The Times of India -What can India do to become a thriving base for innovation and IP?

The Global Innovation Index 2021 report saw India catching up to world leaders and showing the potential to transform the innovation landscape. The soaring number of trademarks and patents in the past few years reiterate this fact. While trademark registrations in the country have climbed from 65,045 to 2,55,993 between 2015-16 and 2020-21, patents grants have also shot up from 6,326 to 28,391 during the same period. As a result, India’s ranking in the Global Innovation Index has jumped 35 spots, from 81 in 2015 to 46 in 2021. In 2020, India ranked ninth in patent, sixth in trademark, and 13th in design filings. The number of IP applications grew even during the pandemic, driven by innovation in the pharmaceuticals sector. 

The above statistics speak volumes about the changing view of Indian businesses towards innovation and IP. However, there is a long road ahead before India can compete on the global scale. In 2020, around 530,000 and 352,000 patents were granted in China and the US, respectively. This showcases the disparity between innovation in India and the world’s foremost innovators as well as the need for further change in the domain. 

The Government’s Role 

India has a policy-driven innovation environment. Thus, the Government of India (GOI) needs to be proactive in providing impetus for businesses not only to innovate new technologies, but also to safeguard inventions with appropriate rights. Fortunately, we are already witnessing their inclination to make businesses IP savvy. National Intellectual Property Rights (IPR) Policy, rolled out in May 2016, was a giant leap in stimulating creativity and innovation, and establishing a clear IP vision. It was a testament to the authorities’ plan to leverage a vibrant IP ecosystem to foster a knowledge economy. 

Moreover, in July last year, the Parliamentary Standing Committee on Commerce released Review of the Intellectual Property Rights Regime in India. A detailed study on the strengths and weaknesses of India’s IP environment, it was the first substantial attempt at gauging the country’s IP policy in five years. 

Modernization of IP offices, utilization of IT in e-filing of applications, issuance of digital certificates, fewer trademark forms, expedited examination procedures, and virtual hearing of IP applications are just a few of the many changes we have seen in the IP framework in the last decade. 

What’s Needed 

Despite all this, there is still a long way to go before India can stand amongst leading global innovators. The GOI, along with state authorities, must develop new ways to encourage businesses, old and new, to formulate their IP strategies and optimize their IP portfolios. 

A robust dispute settlement system could be a game-changer. The entire rationale behind creating IPR comes into question if the rights cannot be enforced. Excessive delays in the justice system also need to be addressed at the earliest. Alternate dispute resolution machinery could do wonders for the Indian IP ecosystem. In addition, although there is legislation covering almost the entire IPR spectrum, the legislative process is often uncertain and lengthy. Clear laws and straightforward processes can prove immensely beneficial. 

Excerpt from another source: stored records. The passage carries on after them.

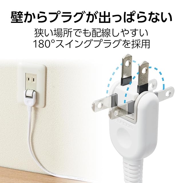 狭い場所でも配線しやすい180°スイングプラグを採用しています。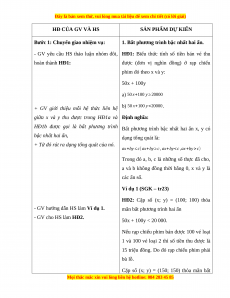 tế và sử dụng các kiến thức về giải bất phương trình bậc nhất hai ẩn để giải quyết bài toán. Giao tiếp toán học.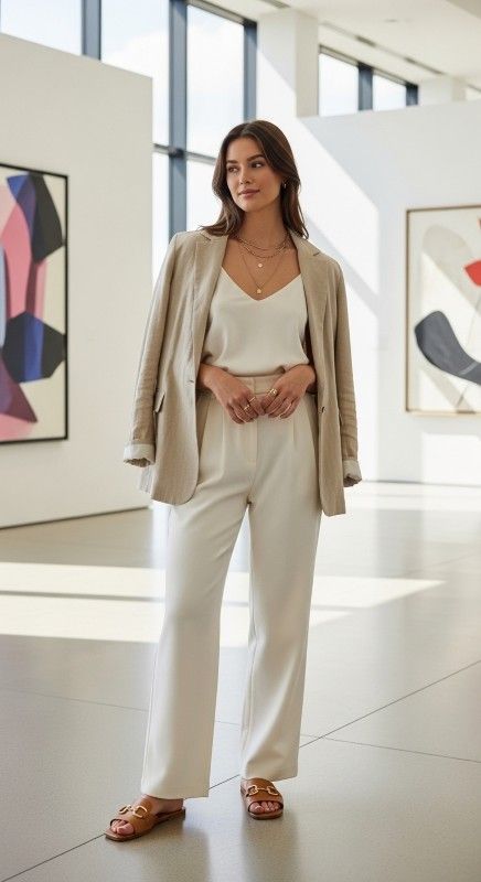 An oversized ivory silk camisole with adjustable straps and a relaxed fit creates luxurious comfort when layered under an unstructured beige linen blazer. The flowing silk drapes beautifully while the breathable linen blazer provides coverage without overheating in warm weather. High-waisted cream wide-leg trousers complete the monochromatic neutral palette with elegant flow. Tan leather slide sandals with gold hardware add polished minimalism to the sophisticated neutral ensemble. Delicate gold layered necklaces and simple rings keep jewelry refined and intentional. This look demonstrates that oversized pieces can be incredibly chic for creative professional settings or elevated casual occasions.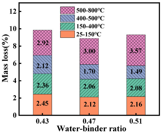 This is because an increase in the water–binder ratio lowers the initial concentration of silicate ions and alkalinity, reducing the quantity of hydration products formed, leading to an increase in porosity and a consequent decrease in the strength of the mortar [22].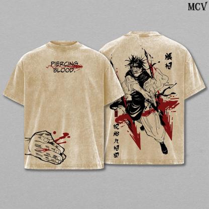 Choso Jujutsu Kaisen Tee Washed – Vintage Oversized Heavy Cotton Double Printed Anime Manga Graphic T-Shirt, Death Painting Womb Arc, Retro Unisex Streetwear Top Gift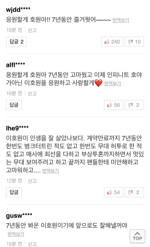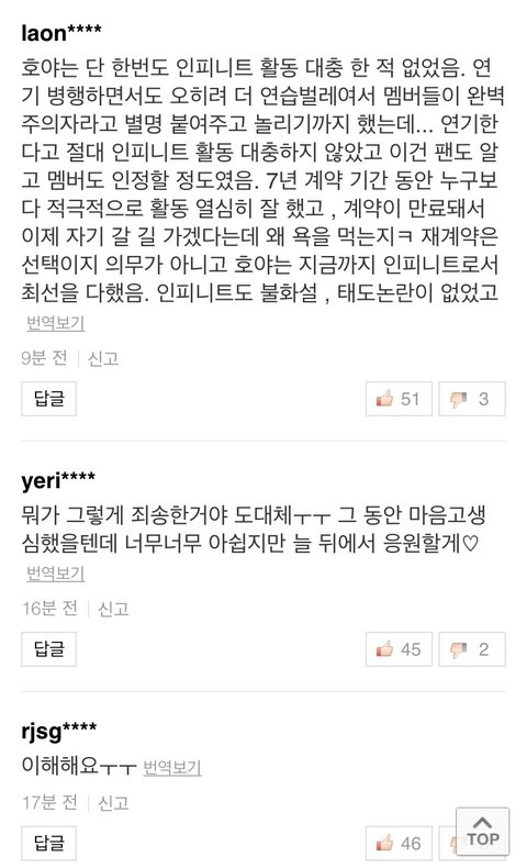 네이버 메인에 기사 막 뜨는데 베플에 다 고마웠다 여전히 응원한다 이런 거 있고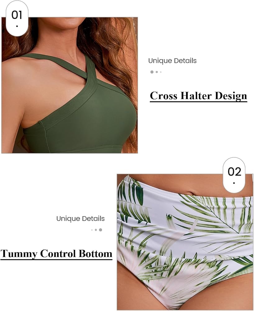 طقم بيكيني وسادة حمالة صدر قابلة للإزالة + أحزمة كتف قابلة للتعديل يمكن تعديلها بشكل أفضل حسب الطول المناسب، مما يجعل ملابسك أكثر ملاءمة وراحة.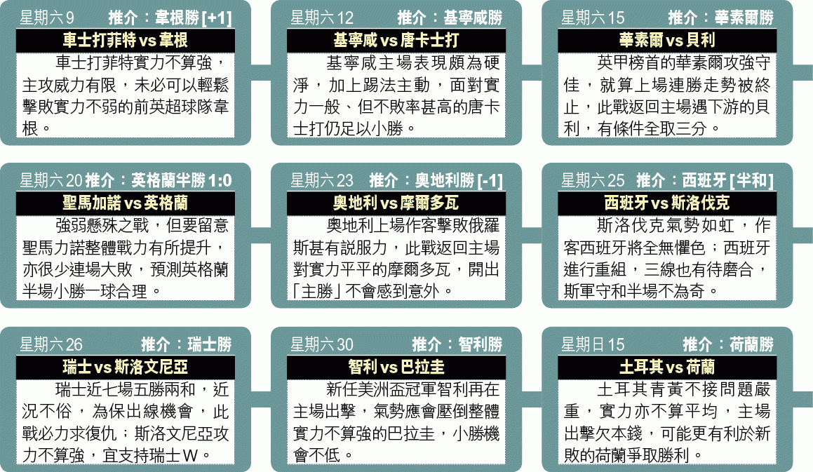 歐洲各主要聯賽剛展開,今周開始小休,以讓路給國家隊出戰,歐洲進行歐國盃外圍賽,其餘便應付世界盃外圍賽或國際賽。今周的重心推介是瑞典作客對剛換帥的俄羅斯,敲「讓球主客和」「客勝」。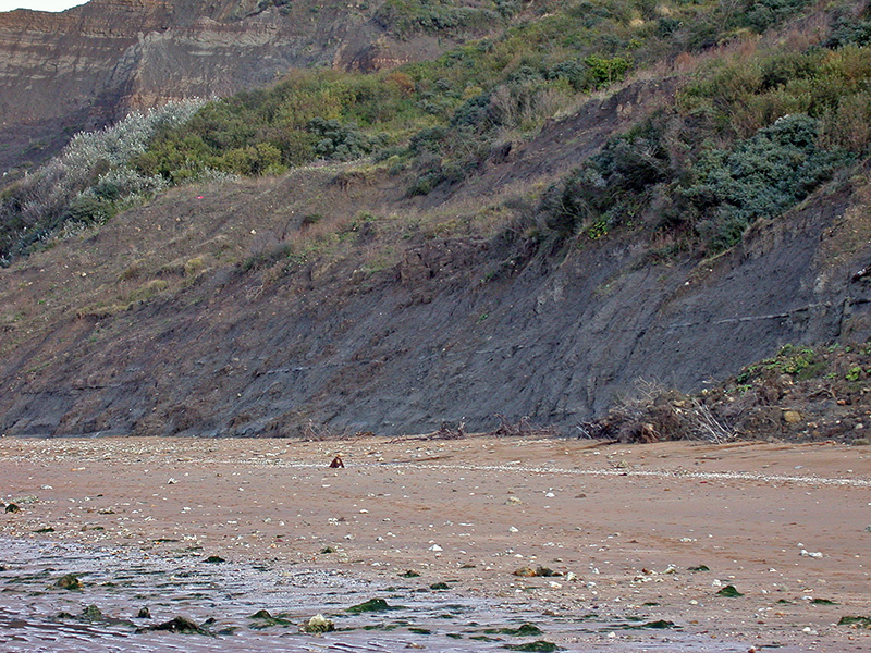 Affleurement d’une série marneuse au pied des falaises des Vaches Noires, à l'Est d'Houlgate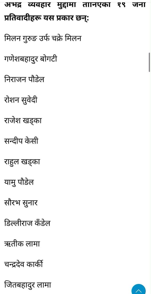 गुण्डा नाइके चक्रे मिलनसहित १९जनालाई म्याद थपका लागि अदालत लगियो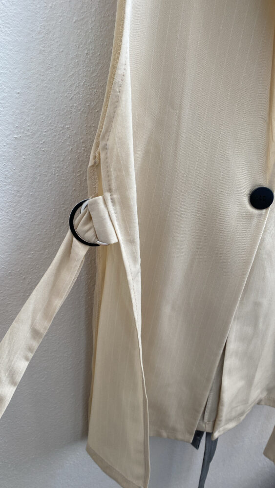 •Αμάνικο γιλέκο με γιακά και πέτο.Κλείσιμο με κουμπί μπροστά.ανοιχτό στο πλάι που κλείνει με λουράκια.
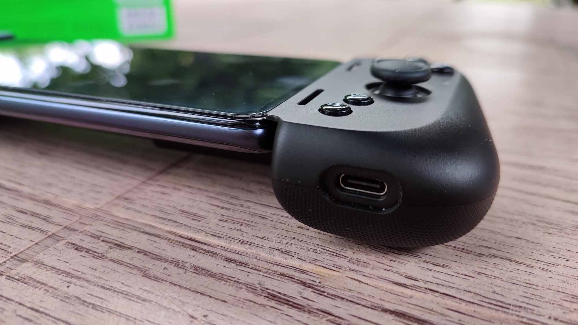Ramiona kontrolera są niemal identyczne co Joy-Cony japońskiego producenta. Między nimi natomiast umieszczono rozsuwany pałąk, do którego wsuwamy smartfona. Ten nie może mieć większych wymiarów niż 170 mm długości oraz 11.5 mm grubości wraz z aparatami. Koniecznie musi posiadać gniazdo USB-C oraz system android 9.0 lub nowszy. Razer Kishi V2 to bardzo mała i delikatna konstrukcja, przez co na wyposażeniu nie znajdziemy wbudowanego akumulatora. Kontroler zasilany jest bezpośrednio ze smartfona. Ewentualnie możemy podłączyć powerbank lub ładowarkę z końcówką USB-C do prawego ramienia, aby naładować w trakcie rozgrywki smartfona. Należy mieć na uwadze, że wspomniany port USB-C służy tylko do ładowania i nie obsługuje on żadnych urządzeń zewnętrznych, czy audio.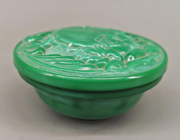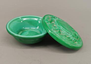 Dose Slevogt aus grünem Opalinglas formgepresst mit Rosendekor, 10,5 x 6 cm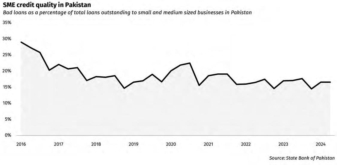 SME financing has been a major bottleneck in Pakistan for decades. Traditional banks have historically been apprehensive of lending to the private sector, preferring to invest in government-issued treasury bills. This inclination is fueled by multiple factors, primarily the high-risk profile of the private sector, particularly SMEs, further exacerbated by the high interest rates that have dominated since the beginning of fiscal year 2020.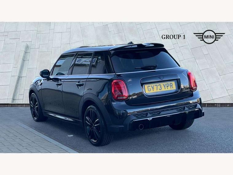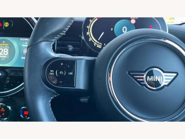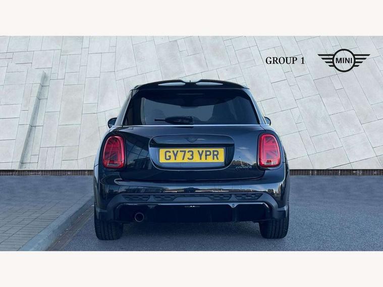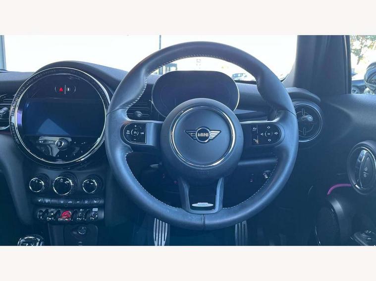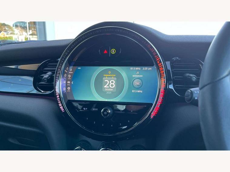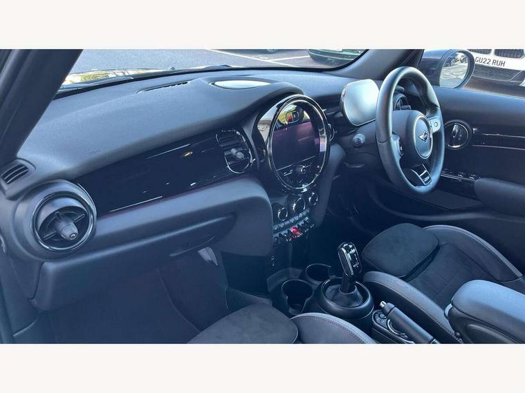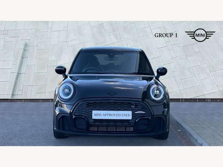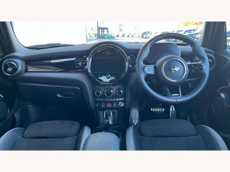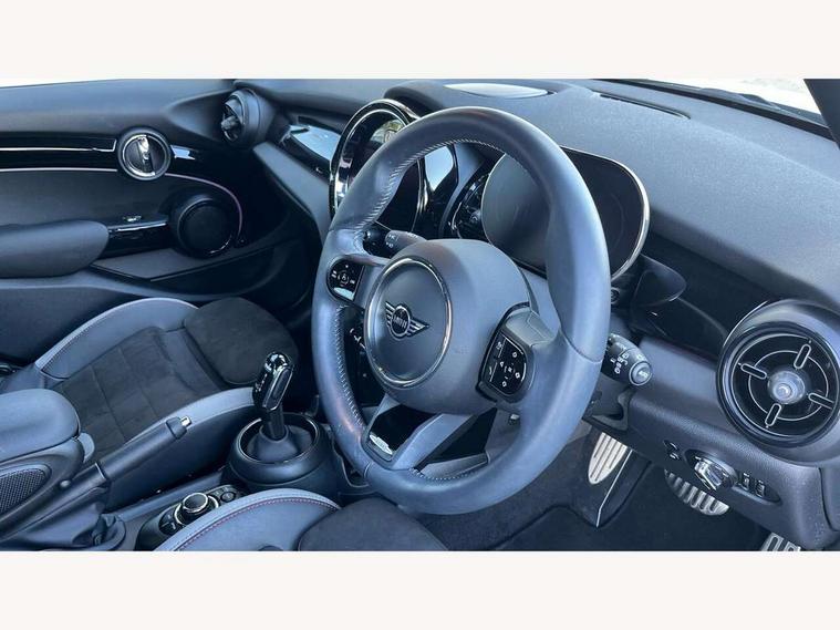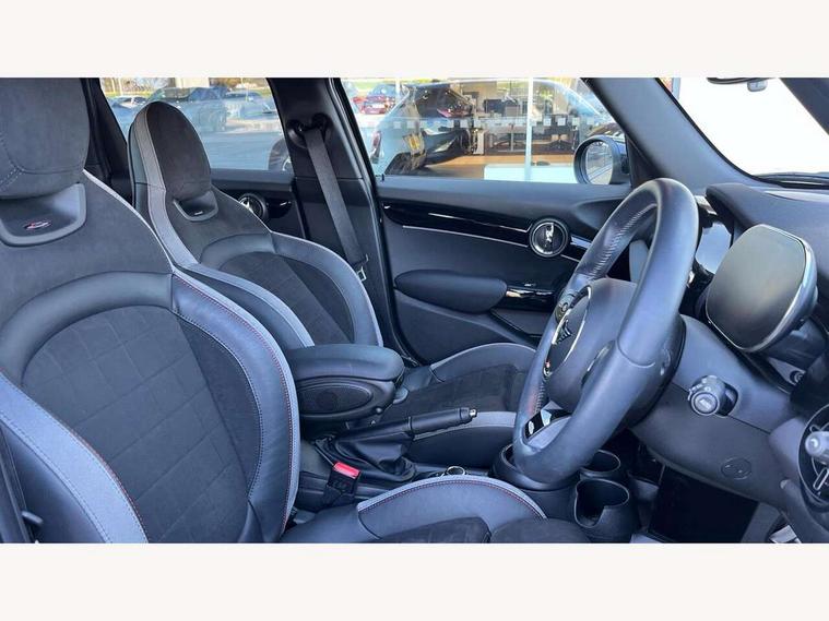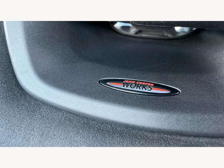 Apple CarPlay, Automatic start/stop function with brake energy recuperation, Compatible mobile phone bluetooth with audio streaming, Electro-mechanical speed dependant steering assistance, Flexible car sharing preparation, MINI Driving Modes - centre toggle switch to control driving setting (sport, mid and green), Mini E-call, MINI TeleServices, On board computer, Rear park distance control, Service interval indicator, Adaptive suspension, Double Vanos system, Fully variable valve control, Gear change indicator display, High precision injection, Performance Control, Steptronic transmission with double clutch, 8.8" touchscreen with LED ring, FM tuner and DAB digital radio, 3rd brake light, Automatic headlight activation switch, Body colour fuel filler cap, Chrome border high gloss black slats radiator grille, Dynamic brake lights, Electric front+rear windows, Exhaust tailpipe on left with chrome finisher, Heated rear window, Heated windscreen washer jets, JCW Aerodynamic kit - Front and rear bumpers with sporty JCW styling and part-painted side sills with MINI John Cooper Works door sill finishers, John Cooper Works rear spoiler, Metal door sill strips with MINI imprint, Model logo Cooper on right of tailgate, Rain sensor window wipers, Rear fog lights, Rear LED lights with union jack design, Rear side wing doors, Rear window wiper, Side scuttle panel with integrated indicator, Sun/heat protection glass, White indicator lenses, 12V Accessory socket in centre console, 3 seat bench in 2nd row, 4 lashing eyes in luggage compartment, 60/40 split folding rear seat, Anthracite headliner including grab handles and clothes hooks, Carbon black colour line - Knee roll and door armrest, Chrome interior highlights, Cupholders, Front and rear isofix with front passenger airbag deactivation, Front and rear velour floor mats, Glove compartment, Height and length steering column adjustment, Interior lighting with 12 different colours across the dashboard, underneath door bezel with illuminated laser-engraved design on central display, JCW Sport seats with integrated headrests, adjustable thigh support and John Cooper Works logo, Leatherette gearshift lever and handbrake gaiters, LED reading lights, vanity mirror lights, front foot well light and spotlight on front seats, Mechanical seat adjustment - forward/back & backrest for front seats and driver seat height adjust, Multifunction steering wheel, Single front passenger seat, Storage compartments in doors, Sunvisors with vanity mirrors, Walknappa leather steering wheel with grey seam and John Cooper Works badge on Piano Black lower steering wheel spoke, Piano black exterior pack - Mini Hatchback Cooper, 3 point seatbelts on all five seats, 6 Airbags - front, side, head and seat belt tensioners, Anti-lock braking system (ABS), Child locks on rear doors, DSC - Dynamic Stability Control, Front and rear disc brakes, Hill start assist, Single tone fanfare horn, Tyre pressure monitoring system, Alarm system with tilt sensor, monitoring doors, bonnet interior and tailgate, Electronic vehicle immobiliser, Start/stop toggle with keyless go, Piano black interior trim, Tool kit,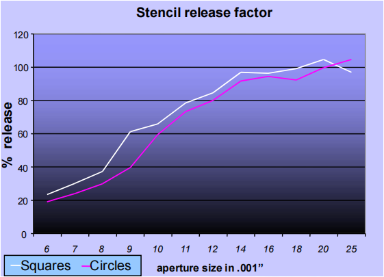 測試數據表明,對于小孔徑,方形孔表現要比圓形孔要好,如下圖所示(結果來自于一個0.005”的電鑄鋼網)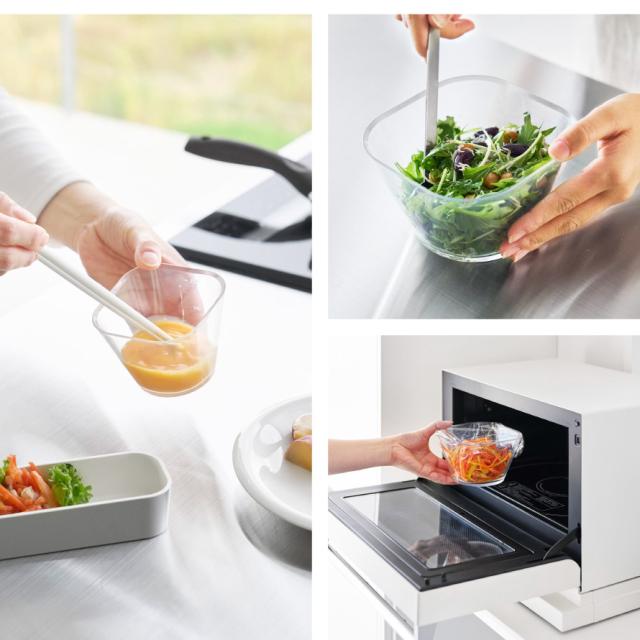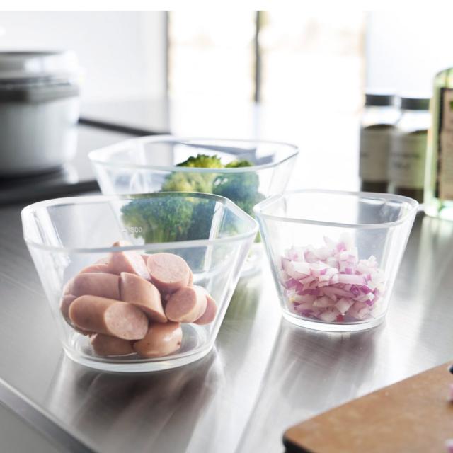 電子レンジOK。軽くて扱いやすく、計量できる下ごしらえボウル。電子レンジも使用可能で、計量してそのまま電子レンジでの調理ができるのでお菓子作りの際にも便利。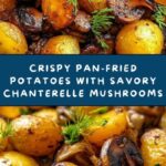 Crispy pan-fried potatoes paired with flavorful sautéed chanterelle mushrooms, onions, and garlic, garnished with fresh herbs for a delicious and hearty side dish perfect for any meal.

IP awareness is another area where a great deal of work needs to be done. While Indian companies do take measures to protect their trademarks, patents are often overlooked. Indian entrepreneurs need to know about the myriad benefits of the IPR and the pitfalls of failing to protect their technological inventions with proper rights. Governing bodies can collaborate with academic institutions, business organizations and other stakeholders to conduct regular workshops and seminars to enhance IP awareness and understanding. 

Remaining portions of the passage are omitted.